Une bonne nouvelle n'arrive jamais seule. Alors que la firme paneuropéenne de capital-investissement 3i s'apprête à faire son retour parmi les cent plus grosses valeurs boursières londoniennes (FTSE 100), ses actionnaires ont répondu présent à son appel au marché. Vendredi dernier, la société a en effet annoncé que ses actionnaires avaient souscrit à hauteur de 96,55 % à son augmentation de capital d'un montant de 732 millions de livres, menée par JPMorgan Cazenove et Merrill Lynch. 3i a ainsi pu émettre 523 millions de nouvelles actions sur un total de 542 millions, à un prix de 135 pence, soit une décote de 60 % par comparaison au prix de l'action le 7 mai, veille de l'annonce du projet d'augmentation de capital. JP Morgan Cazenove et Merrill Lynch se sont chargés de vendre les 18,69 millions d'actions restantes à un prix de 277 pences à d'autres investisseurs.
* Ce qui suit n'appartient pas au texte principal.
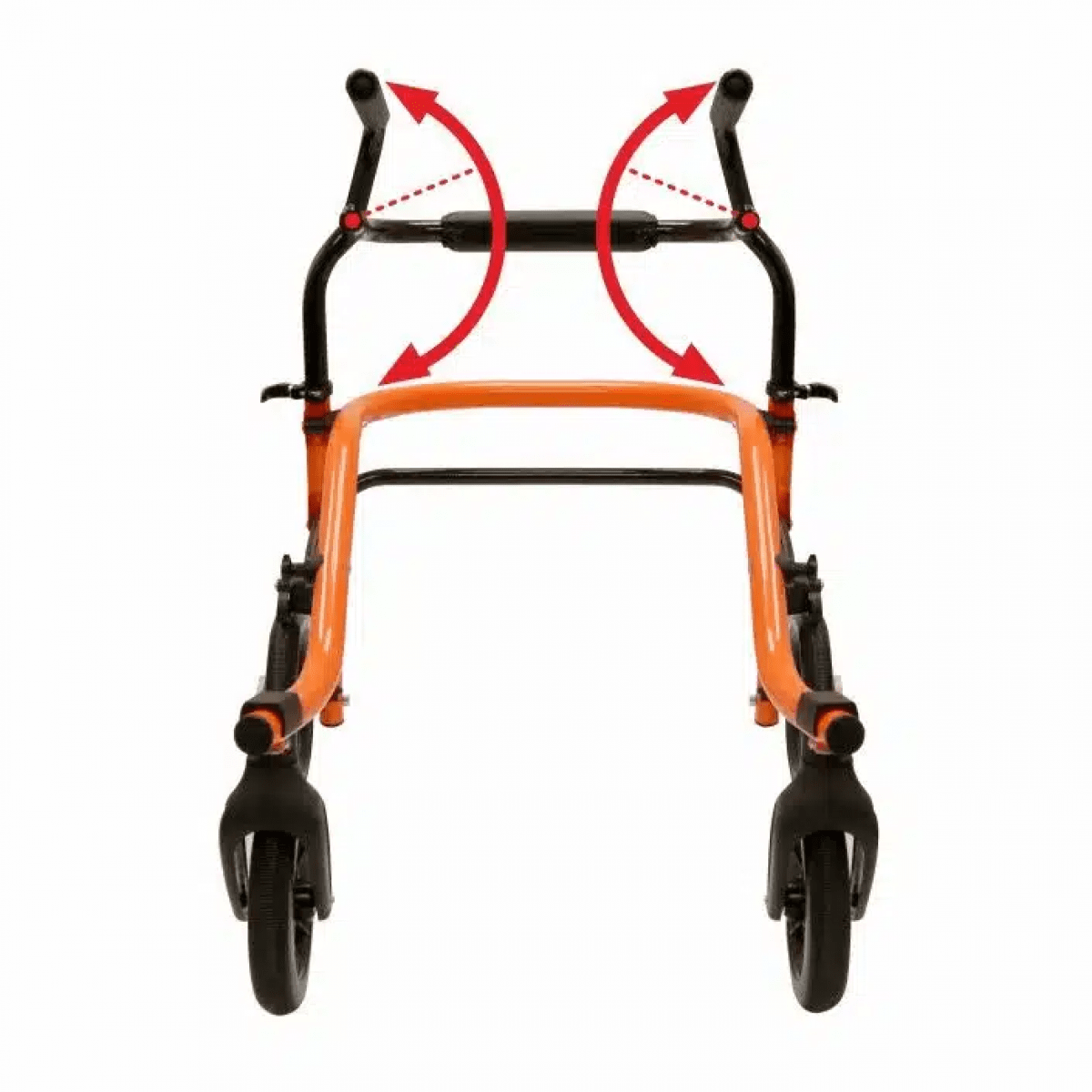 Ортопедические ходунки Go.Spider имеют функциональные передние колёса с возможностью блокировки направления движения, что даёт пользователю больший контроль во время движения. Задние колёса ходунков Go.Spider оснащены регулируемым замедлителем, который снижает скорость движения при затягивании винта. Они также имеет защиту от неконтролируемого движения назад, что оказывает существенное влияние на безопасность при использовании.

« C'est un niveau élevé d'acceptation », a souligné l'analyste Iain Scouller d'Oriel Securities, « le marché a évolué depuis un mois, pariant désormais sur une reprise et des acteurs cycliques. De toute évidence, 3i profite de ce mouvement ». L'engouement des actionnaires est aussi une bonne nouvelle pour le tout nouveau directeur général de 3i, Michael Queen qui a repris les rênes de la société fin janvier en remplacement de Philip Yea. Grâce à l'arrivée de cette manne d'argent, le directeur général va ainsi pouvoir s'attaquer à l'un de ses principaux chantiers, qui consiste à diminuer l'endettement du fonds à 1,1 milliard de livres au cours des douze prochains mois alors qu'il était encore de 1,91 milliard fin mars, faisant passer son ratio de dette sur fonds propres de 40 % fin 2007 à 103 % au 31 mars 2009.
L'augmentation de capital va également permettre au groupe de reprendre ses investissements à une période où les opportunités sont bien réelles. Cette reprise en main intervient alors que le groupe de capital-investissement a clos son exercice 2008 sur une perte de 2,15 milliards de livres alors qu'il dégageait encore un bénéfice de 792 millions de livres une année plus tôt. D'ici à 2011, le groupe veut aussi réduire de 15 % sa base de coûts, une initiative qui passera avant tout par la consolidation de son réseau.